Friday 23 September 2011

Forty years on

Almost forty years ago, on 11 November 1971, two members of the RUC were murdered by the Provisional IRA in North Belfast.  One of them, Dermot Hurley, was the first Roman Catholic policeman to be killed in the Troubles and the other, Thomas Moore, was a Protestant.  They were shot while they were in a shop at the rear of Oldpark RUC station.

Those were dark days with shootings and bombings night after night, especially in North Belfast, and the murders attracted only limited media attention.  The next day there were more deaths and those of the previous day were pushed off the pages of the newspapers.

Almost forty years later, on 2 March 2011, dissident republicans murdered Ronan Kerr, a Roman Catholic member of the PSNI, in Omagh.  The fact that there has been so much media attention on the murder of Ronan Kerr shows just how much things have changed.  We do not have a daily deluge of death to push this atrocity off the newspaper page or the television screen.

On 9 December 2009 another Roman Catholic police officer, Stephen Carroll, was shot dead by dissident republicans from the Continuity IRA while responding to a 999 call in Craigavon.  This came just two days after the shooting of two soldiers by the Real IRA in Antrim and Stephen Carroll was the first PSNI officer to be murdered by terrorists.  After those three murders Martin McGuinness described the dissident republican killers as 'traitors to the island of Ireland.'  On the Nolan Show on Radio Ulster, Sinn Fein spokesman John O'Dowd, who is now acting DFM, was asked if this was murder and he said clearly and unequivocally that it was murder.
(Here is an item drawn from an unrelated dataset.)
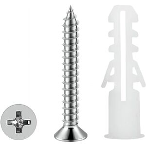 Material: The wall expansion anchor is made of high quality and very flexible plastic, which is not easy to break. The self-tapping screws are made of high-strength stainless steel, which is resistant to oxidation and corrosion and can be used for a long time. Practical Design: The slot of the ribbed wall anchors adopts an expansion curve design, which expands on two opposite sides when you tighten the screw, which greatly increases the anchoring force and prevents the wall anchor from rotating in the hole. Easy to Use: Just drill a hole in the wall, then insert the wall anchor, and then tighten the screw clockwise to complete the installation. Widely Applicable: Our wall anchors and screw set are suitable for installing or hanging various items, such as frames, bathroom or kitchen accessories, shelves, lamps, murals, mirrors. Package Includes: 100x Screws; 100x Expansion Tubes. Note: The data are all manually measured, please allow 1-3cm error due to different light and display,

The killing of Dermot Hurley and Thomas Moore by the Provisional IRA in 1971 was also murder and it was totally wrong as were the murders of some 300 other policemen.  During the Troubles 301 active members of the RUC were killed and around 9,000 injured, mostly in terrorist attacks by the Provisional IRA.  Indeed at one stage the RUC was the most dangerous police service to in the world of which to be a member.  The Newry mortar attack by the Provisional IRA in 1985 killed nine RUC officers and this was the highest number of deaths inflicted on the RUC in one incident.

Back in 1971 Provisional Sinn Fein condoned the murder of Constable Hurley just as they condoned the murder of several hundred more.  Forty years later they condemn the murders of Stephen Carroll and Ronan Kerr and encourage young men to join the PSNI.  That must be recognised and welcomed. 
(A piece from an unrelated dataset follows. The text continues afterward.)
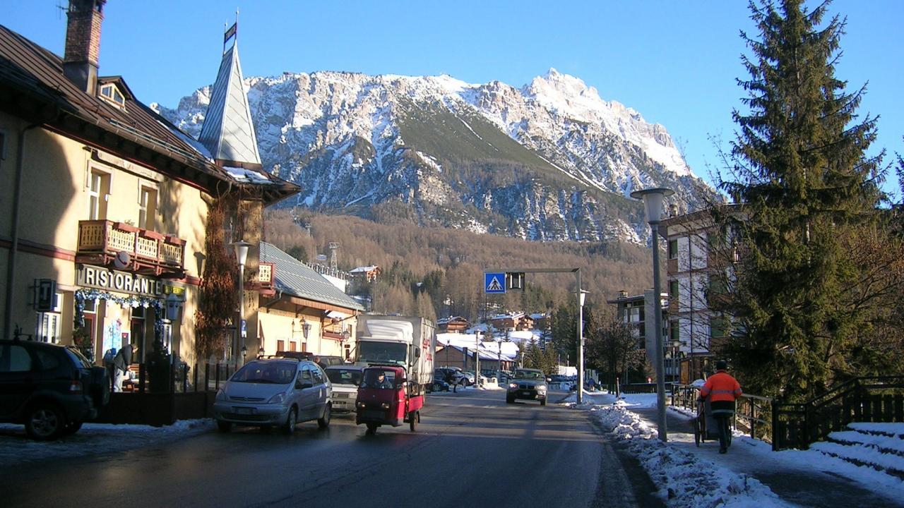 Обои Городская улица на горнолыжном курорте Кортина д`Ампеццо, Италия

The Roman Catholic Church and the GAA also condemned the murder of Ronan Kerr and they have encouraged young men to join the PSNI.  That too must be recognised and welcomed.  Indeed that message is coming from people right across the community.
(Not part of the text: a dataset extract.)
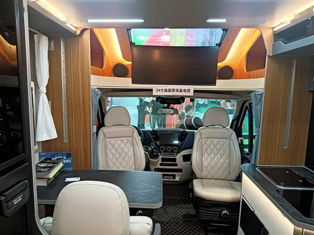 车身采用了高保温铝制骨架以及PVC龙骨厢体,大额头处做了全景天窗设计,驻车时能够外推打开,为车内带来更好的通风换气效果。内饰雅致大气,客厅区配备双人航空座椅+双人吧台座椅,也可选4人对坐商务椅,座椅选用高级材质,符合人体工学,还附带按摩功能,旅行时累了可以平躺在此,深度放松身心。厨房区位于客厅的旁边,采用一体化设计,“洗、切、蒸、烤”一气呵成。全车采用智能化控制管理系统,通过10寸控制屏可以实时监控车辆状态,并具备远程控制功能。智能化操作,让出行更放心。

However it raises two questions for Sinn Fein.
1. Was it murder when the Provisional IRA shot Dermot Hurley and was it murder when the IRA killed all those other policemen?  Republicans continue to look back to the past and demand the truth about the past.  so we have every right to ask them, 'Were those deaths not murders too?'
2. What can Sinn Fein do to help the situation now?  They have encouraged people in the nationalist community to provide information about recent attacks to the PSNI and again we welcome that.  But is there something more that they could do and the answer is yes.

There is still a lingering ambivalence in such things as Michelle Gildernew's character reference for Gerry McGeough, who was found guilt of the attempted murder of an off-duty UDR man thirty years ago, and the photographs of replica weapons in the hands of children at the Ti Chulainn centre.

Sinn Fein have come so far but there is still some way to go.